**Material supplied**
+ + + + +
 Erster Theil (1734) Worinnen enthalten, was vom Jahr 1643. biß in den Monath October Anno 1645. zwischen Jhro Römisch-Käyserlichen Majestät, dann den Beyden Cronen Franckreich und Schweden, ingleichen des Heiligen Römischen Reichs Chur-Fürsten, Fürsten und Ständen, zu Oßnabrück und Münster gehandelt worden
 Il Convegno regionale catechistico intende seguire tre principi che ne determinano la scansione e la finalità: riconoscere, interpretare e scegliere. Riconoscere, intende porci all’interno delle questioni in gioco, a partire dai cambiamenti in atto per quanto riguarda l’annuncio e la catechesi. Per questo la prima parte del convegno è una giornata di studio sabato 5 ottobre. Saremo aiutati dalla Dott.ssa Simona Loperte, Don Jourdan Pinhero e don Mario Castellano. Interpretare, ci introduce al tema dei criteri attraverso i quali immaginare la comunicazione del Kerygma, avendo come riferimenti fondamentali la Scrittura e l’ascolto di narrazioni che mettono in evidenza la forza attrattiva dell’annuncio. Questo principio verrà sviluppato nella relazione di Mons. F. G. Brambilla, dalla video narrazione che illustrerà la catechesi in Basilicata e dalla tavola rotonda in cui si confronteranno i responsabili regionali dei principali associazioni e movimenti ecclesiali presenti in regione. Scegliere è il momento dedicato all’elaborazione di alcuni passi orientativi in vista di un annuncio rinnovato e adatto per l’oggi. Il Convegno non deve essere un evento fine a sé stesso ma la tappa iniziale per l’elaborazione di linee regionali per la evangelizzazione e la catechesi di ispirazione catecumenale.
+ + + + +
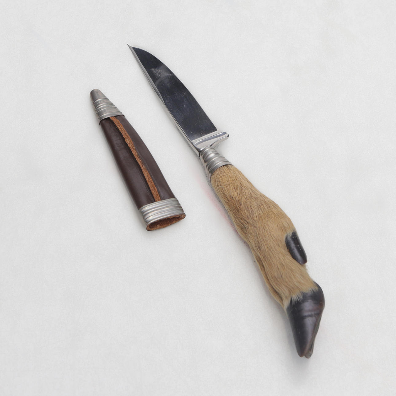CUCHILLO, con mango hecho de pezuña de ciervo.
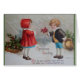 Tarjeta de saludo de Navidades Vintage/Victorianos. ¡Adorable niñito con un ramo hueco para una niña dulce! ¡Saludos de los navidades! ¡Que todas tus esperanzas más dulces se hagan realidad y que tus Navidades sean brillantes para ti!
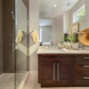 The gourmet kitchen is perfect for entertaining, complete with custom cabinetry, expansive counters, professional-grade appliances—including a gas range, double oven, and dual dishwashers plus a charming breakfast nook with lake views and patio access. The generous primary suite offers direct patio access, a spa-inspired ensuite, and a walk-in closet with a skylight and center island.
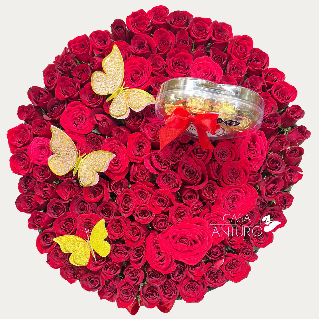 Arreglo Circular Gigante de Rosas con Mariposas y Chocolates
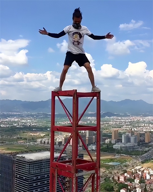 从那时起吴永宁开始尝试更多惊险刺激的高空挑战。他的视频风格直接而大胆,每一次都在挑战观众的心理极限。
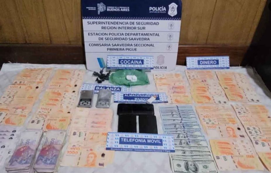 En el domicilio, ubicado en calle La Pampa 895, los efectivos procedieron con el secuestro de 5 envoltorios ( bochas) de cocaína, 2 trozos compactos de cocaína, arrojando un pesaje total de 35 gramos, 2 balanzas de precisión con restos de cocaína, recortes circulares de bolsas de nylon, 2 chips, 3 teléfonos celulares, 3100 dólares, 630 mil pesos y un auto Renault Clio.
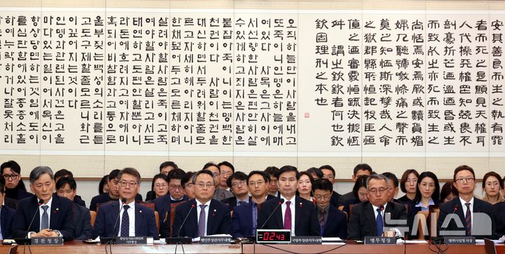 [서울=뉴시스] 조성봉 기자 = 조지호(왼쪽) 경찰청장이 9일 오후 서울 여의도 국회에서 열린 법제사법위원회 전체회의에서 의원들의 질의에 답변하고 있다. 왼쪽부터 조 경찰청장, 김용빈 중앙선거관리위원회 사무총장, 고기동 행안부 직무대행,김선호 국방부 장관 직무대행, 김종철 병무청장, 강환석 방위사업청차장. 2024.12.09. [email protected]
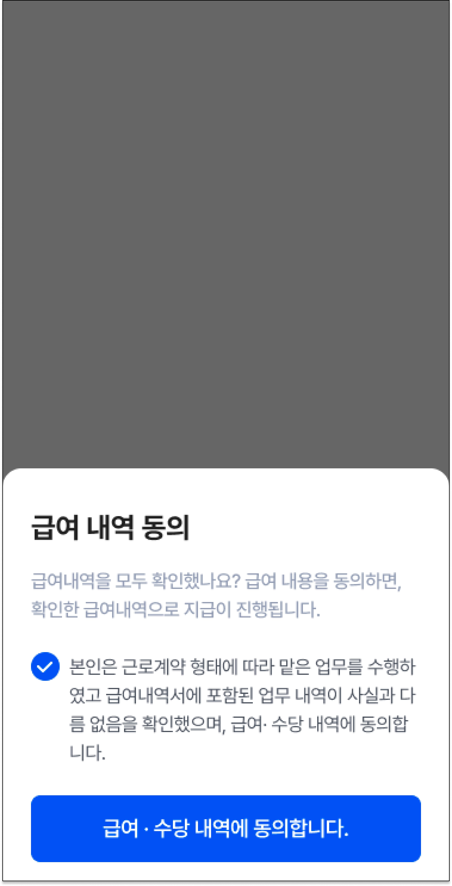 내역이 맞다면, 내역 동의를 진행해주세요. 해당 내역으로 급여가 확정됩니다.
+ + + + +
**Work to complete**
Give the lines above again exactly, from the one containing "[서울=뉴시스] 조성봉 기자" to the one containing "내역이 맞다면, 내역 동의를 진행해주세요. 해당 내역으로 급여가 확정됩니다.", both included, but leave out the pictures.

**Result of the task**
 [서울=뉴시스] 조성봉 기자 = 조지호(왼쪽) 경찰청장이 9일 오후 서울 여의도 국회에서 열린 법제사법위원회 전체회의에서 의원들의 질의에 답변하고 있다. 왼쪽부터 조 경찰청장, 김용빈 중앙선거관리위원회 사무총장, 고기동 행안부 직무대행,김선호 국방부 장관 직무대행, 김종철 병무청장, 강환석 방위사업청차장. 2024.12.09. [email protected]
 내역이 맞다면, 내역 동의를 진행해주세요. 해당 내역으로 급여가 확정됩니다.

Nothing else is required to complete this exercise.